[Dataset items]
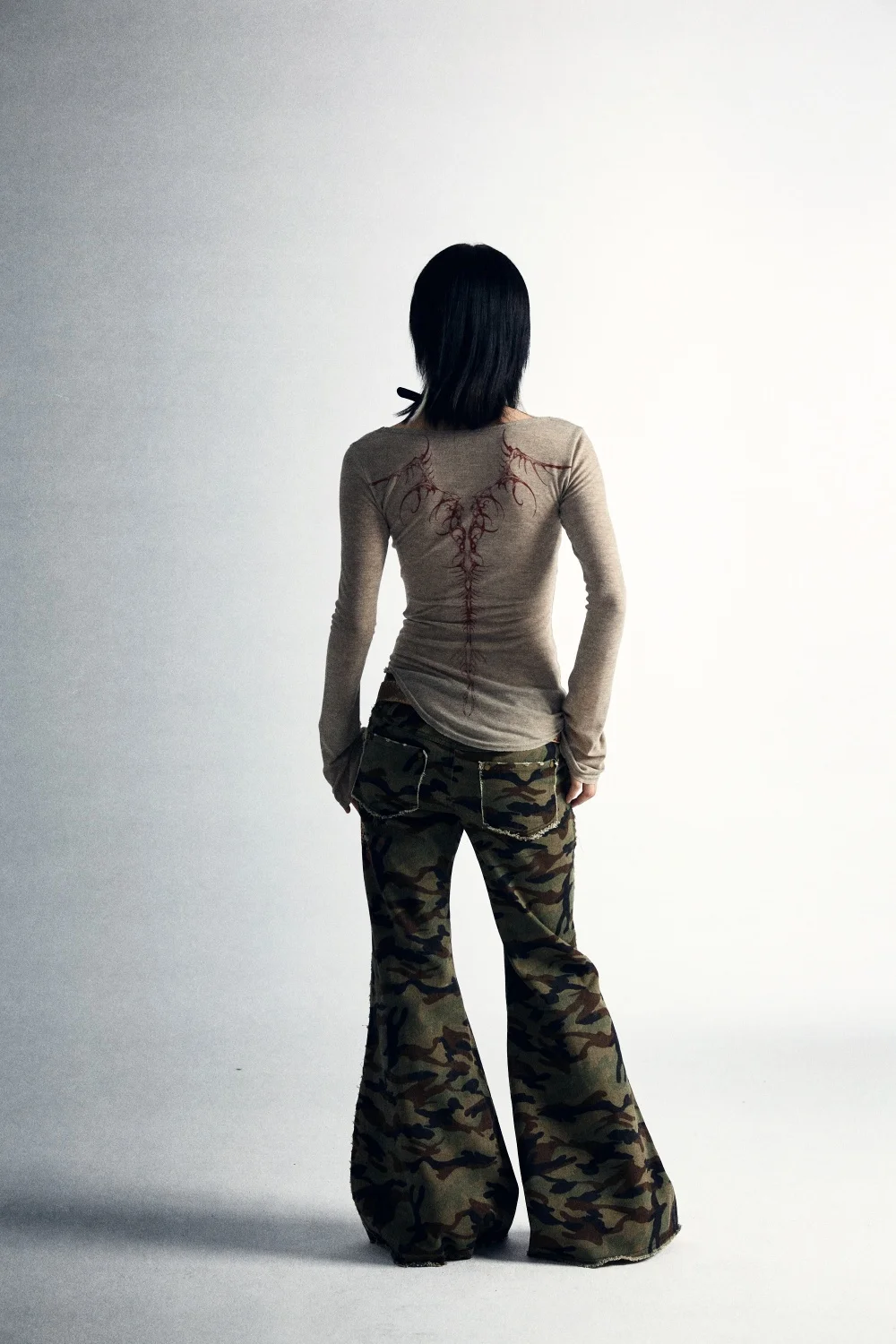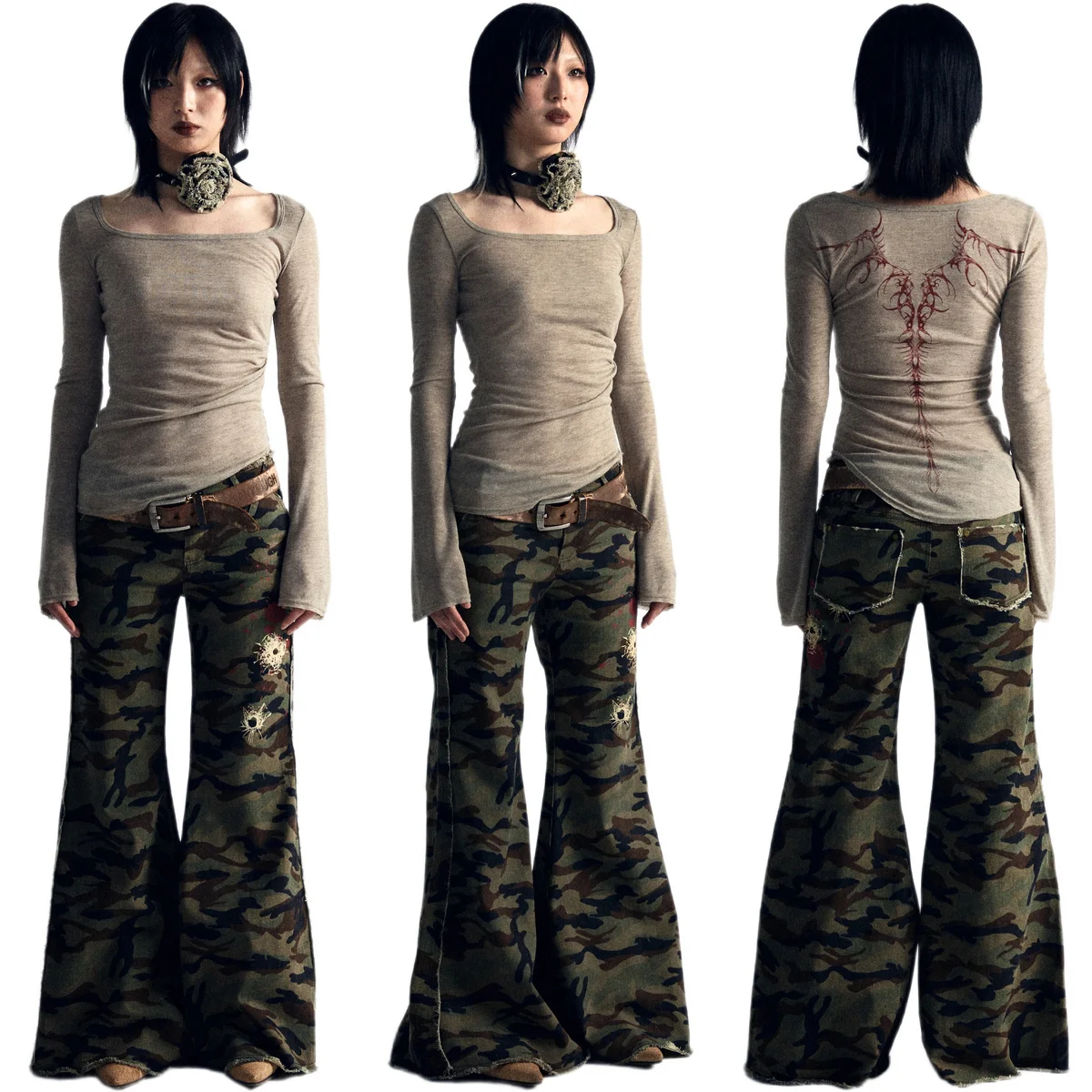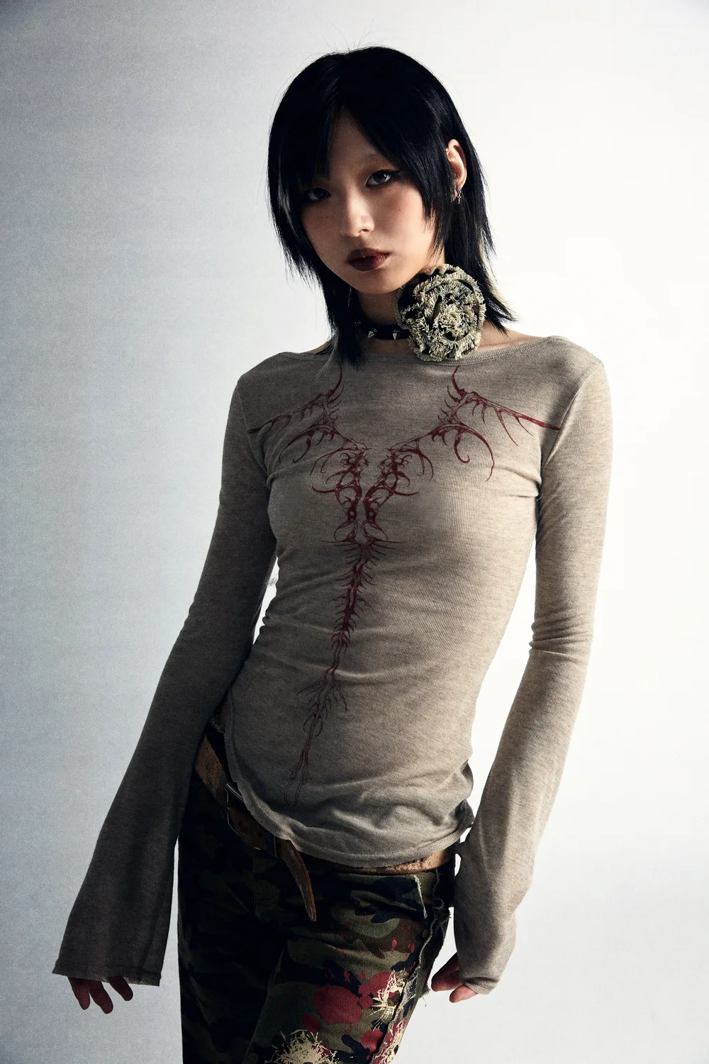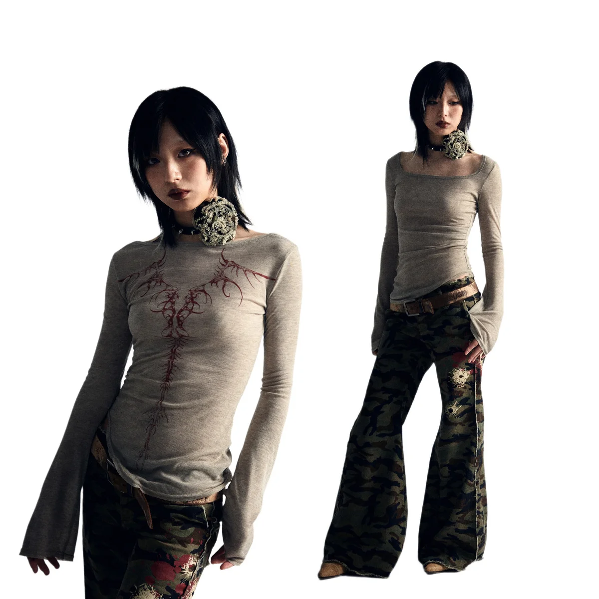 Advbridge Vintage Aesthetics T-shirts Women Grunge Printted Tees Gothic Irregular Tops Punk Streetwear Y2k Long Sleeve Tops Hippie
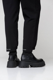 Комплект женский из 3 предметов с курткой. Куртка прямого кроя, с капюшоном и накладными карманами. Плечо спущенное, застежка по переду на кнопки. Рукав втачной. Джемпер прямой из 2 видов ткани. Воротник стойка. Брюки с фигурными подрезами и карманами.
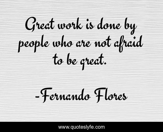 This page presents the quote "Great work is done by people who are not afraid to be great.". Author of this quote is Fernando Flores. This quote is about fear, great, people,.
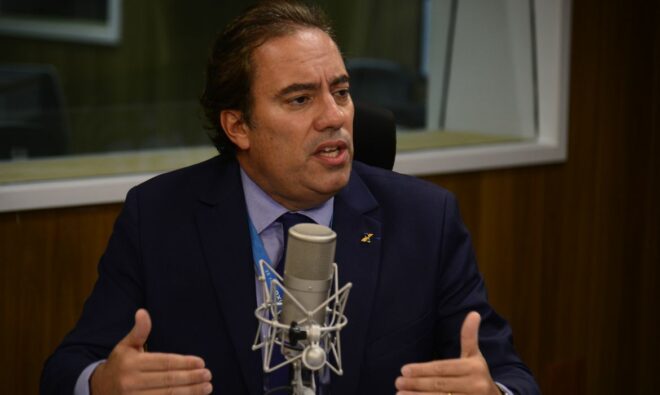 O presidente da Caixa, Pedro Guimarães, é entrevistado no programa A Voz do Brasil.
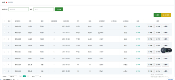 管理员可查看所有赛项报名信息,并可对其进行审核、修改和删除操作,赛项报名管理界面展示如图所示。
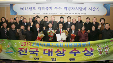 보건복지부가 11월28일 The-K 서울호텔 본관 2층 가야금홀에서 실시한 ‘2013년도 지역복지 우수 지방자치단체 시상식’에서 군이 ‘지역사회복지계획 시행결과 평가’에서 대상과 ‘대한민국 복지행정상’ 노인복지분야 우수기관으로 각각 선정, 영예의 복수 기관표창과 함께 6천만원의 포상금을 받았다.

TASK BRIEF
When you reach the line containing "管理员可查看所有赛项报名信息" in the records above, write out that line and every line after it through the end, exactly, but omit the pictures.

THE ANSWER
 管理员可查看所有赛项报名信息,并可对其进行审核、修改和删除操作,赛项报名管理界面展示如图所示。
 보건복지부가 11월28일 The-K 서울호텔 본관 2층 가야금홀에서 실시한 ‘2013년도 지역복지 우수 지방자치단체 시상식’에서 군이 ‘지역사회복지계획 시행결과 평가’에서 대상과 ‘대한민국 복지행정상’ 노인복지분야 우수기관으로 각각 선정, 영예의 복수 기관표창과 함께 6천만원의 포상금을 받았다.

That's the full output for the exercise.